Postby Access Denied » Wed Mar 26, 2008 8:34 am

Saw this <spock>fascinating</spock> article today... 8)

In Search of the God Particle
http://www.newsweek.com/id/128877

The biggest experiment in particle physics, the Large Hadron Collider, starts this summer in Switzerland. The goal is to find signs of an elusive particle called the Higgs boson—also known as the "God particle" because it might ultimately lead to a grand theory of the universe. What impact will the experiments have on our ideas of the cosmos and our place in it? To find out, NEWSWEEK's Ana Elena Azpurua spoke about science and religion with theoretical physicist and Nobel laureate Steven Weinberg at the University of Texas in Austin.

Here's a couple of the answers I thought he handled well...

What about possible contributions toward finding a final theory? Would that upset religious believers?

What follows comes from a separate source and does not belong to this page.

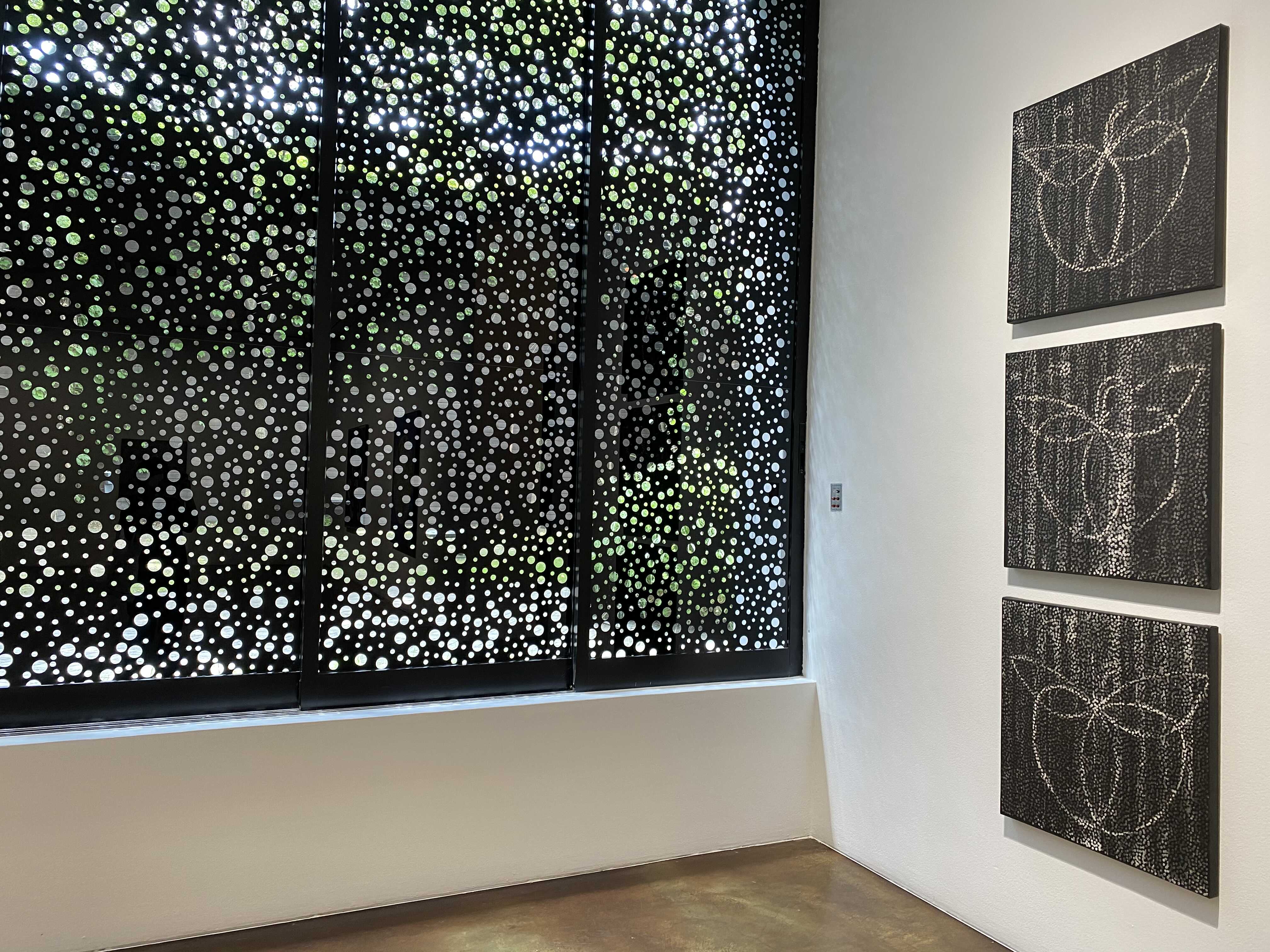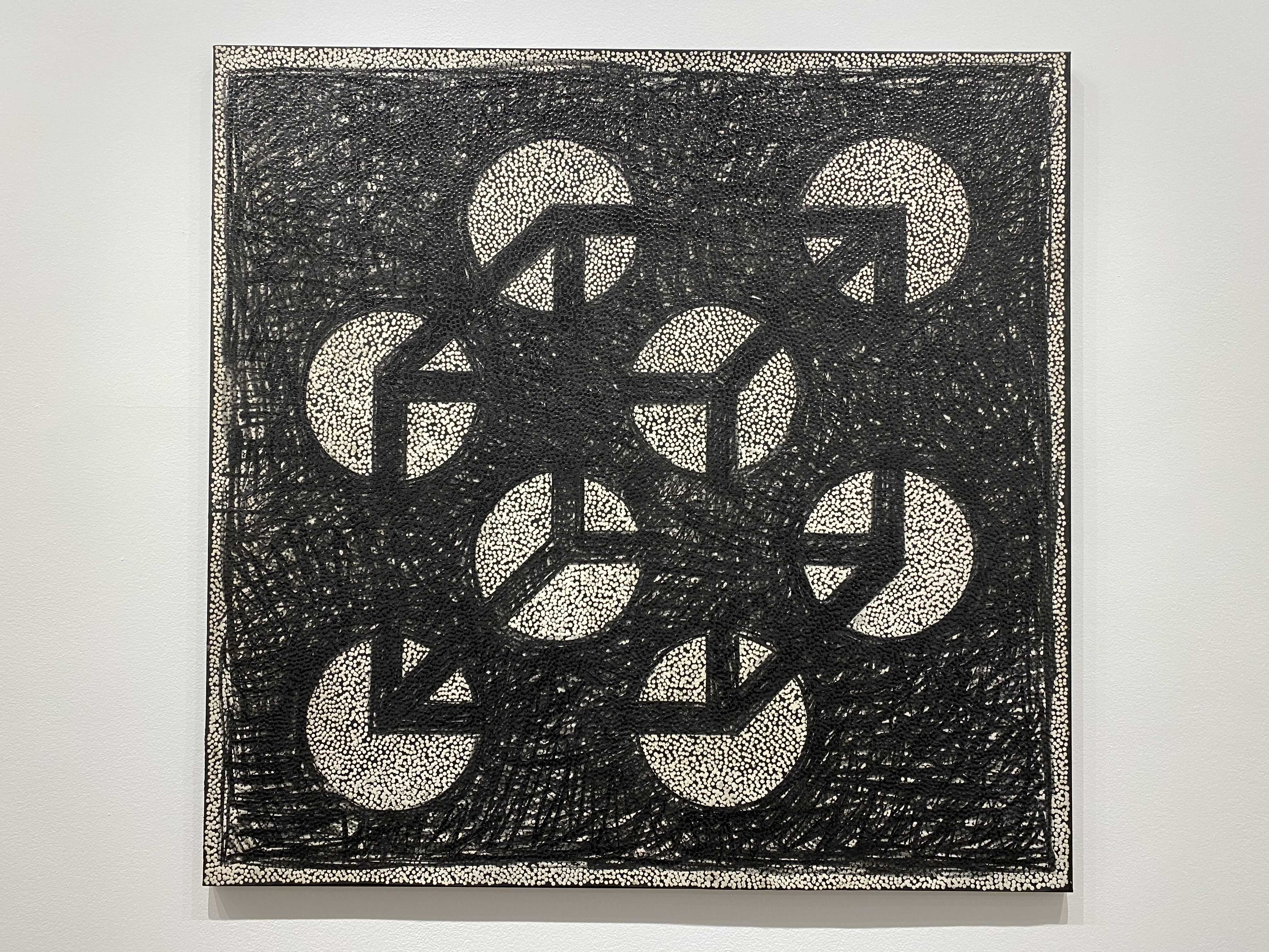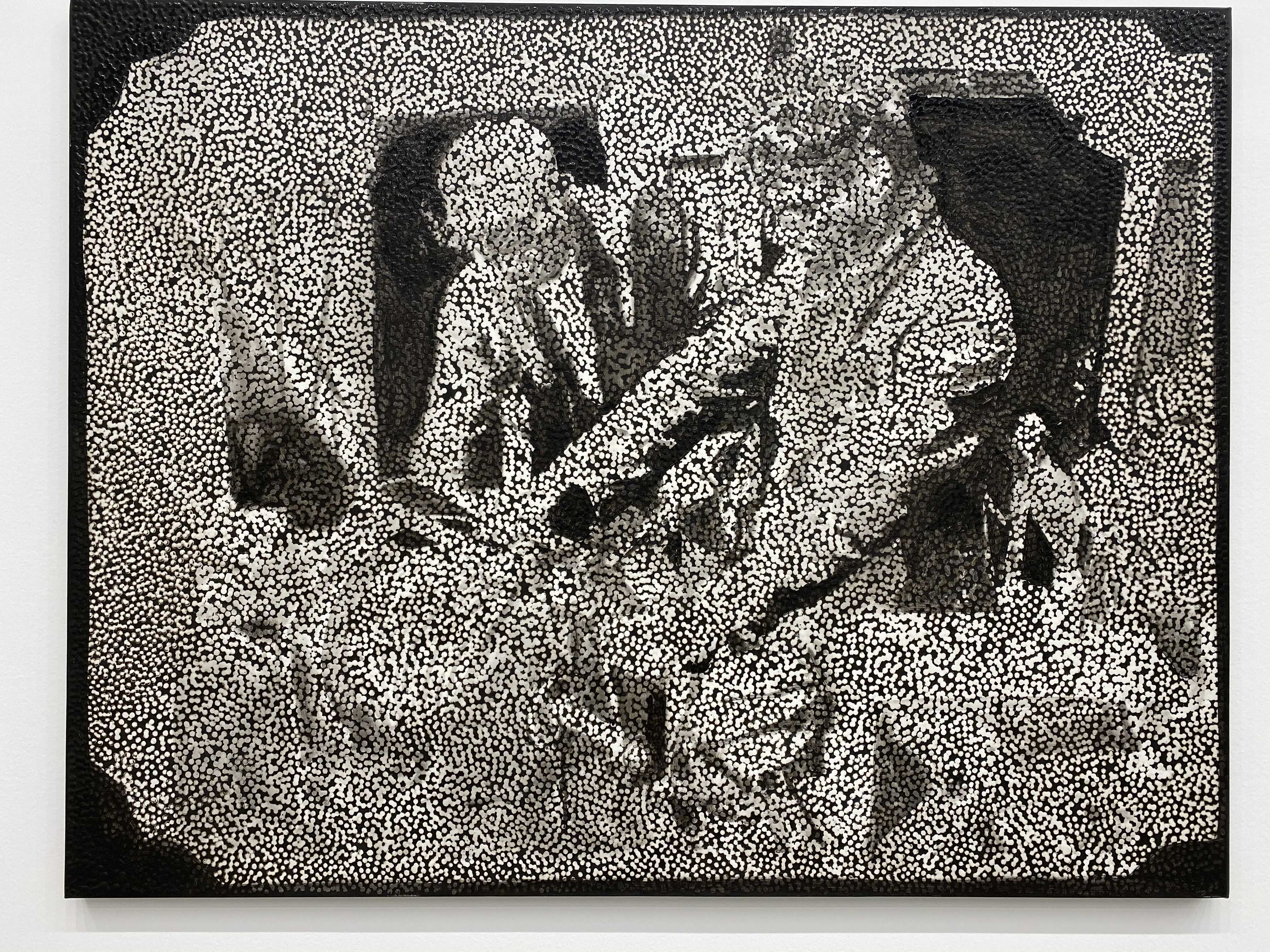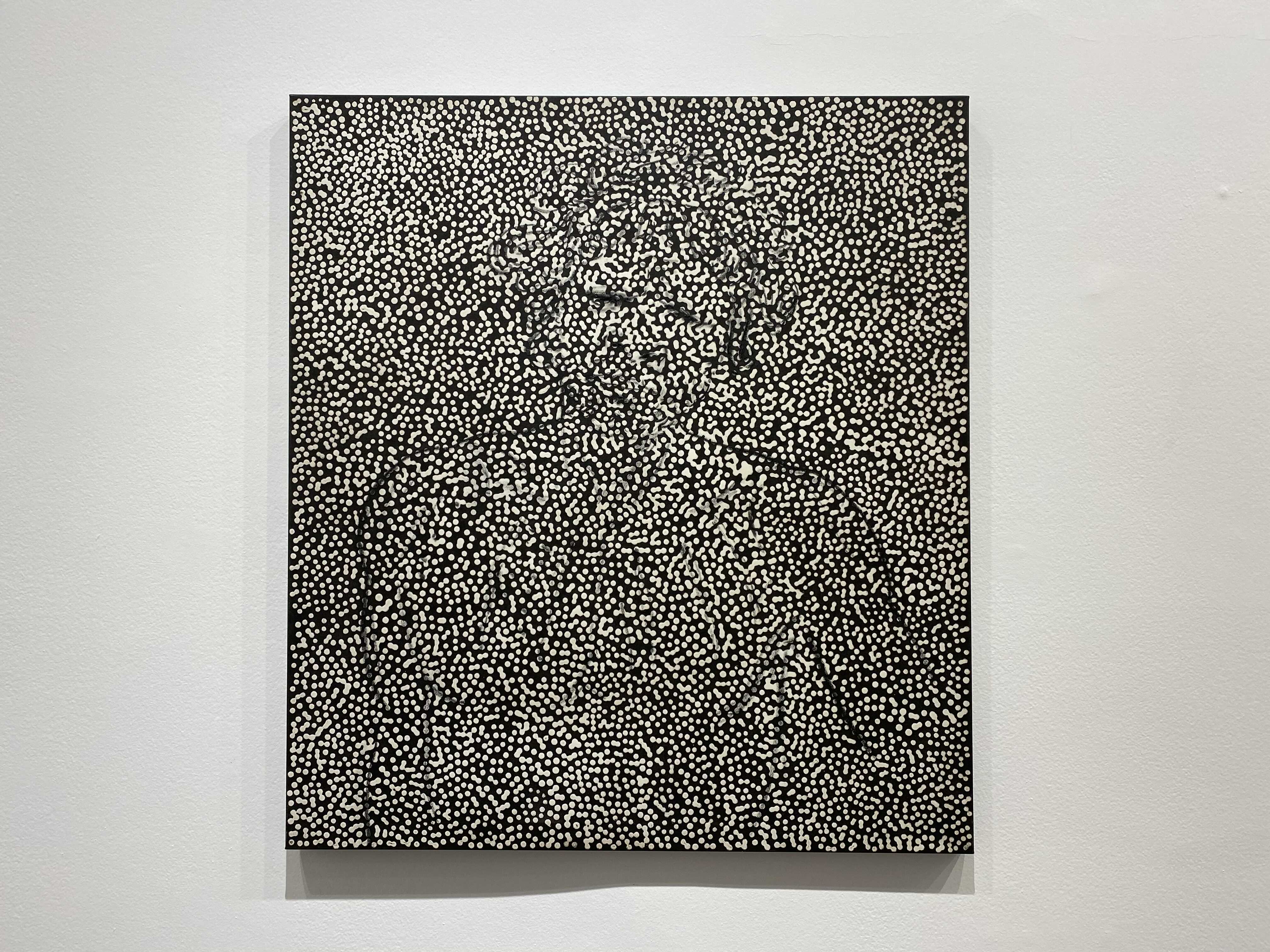 다니엘 보이드의 회화작품을 구성하고 있는, 볼록하고 투명한 풀(glue)로 찍은 점들은 우리가 세상을 바라보는 ‘렌즈’를 재현하는데요. 작가는 “이 렌즈는 우리가 하나의 집단으로서 세상을 이해하고 지각하는 방식, 즉 복수성(plurality)과 다양성(multiplicity)을 나타낸다”고 설명합니다. 각각의 점은 흑과 백, 어둠과 빛 사이에 계산화 된 정보를 시각화해 전달하고, 점을 둘러싼 검고 불투명한 부분은 기억이 소실된 역사적 경험을 자각하고자 하는 노력을 내포하고 있다. 작가가 의도한 양과 음 사이의 영역, 정보와 비정보를 적극적으로 연결해 작품을 이해하며, 과거와 현재 사이의 시점을 재조율하게 됩니다.

If we put together something like a final theory in which all the forces and the particles are explained and that theory also throws light on the origin of the Big Bang and gives us a consistent picture of cosmology, there will be a little less for religion to explain. But religion has evolved along with science. It is something created by human beings, and as human beings learn more and more their religion changes. Today, especially in the more established religious sects in the West, they've learned to stop trying to explain nature religiously and leave that to science.

But won't some people expect to find the presence of a grand designer in that final theory?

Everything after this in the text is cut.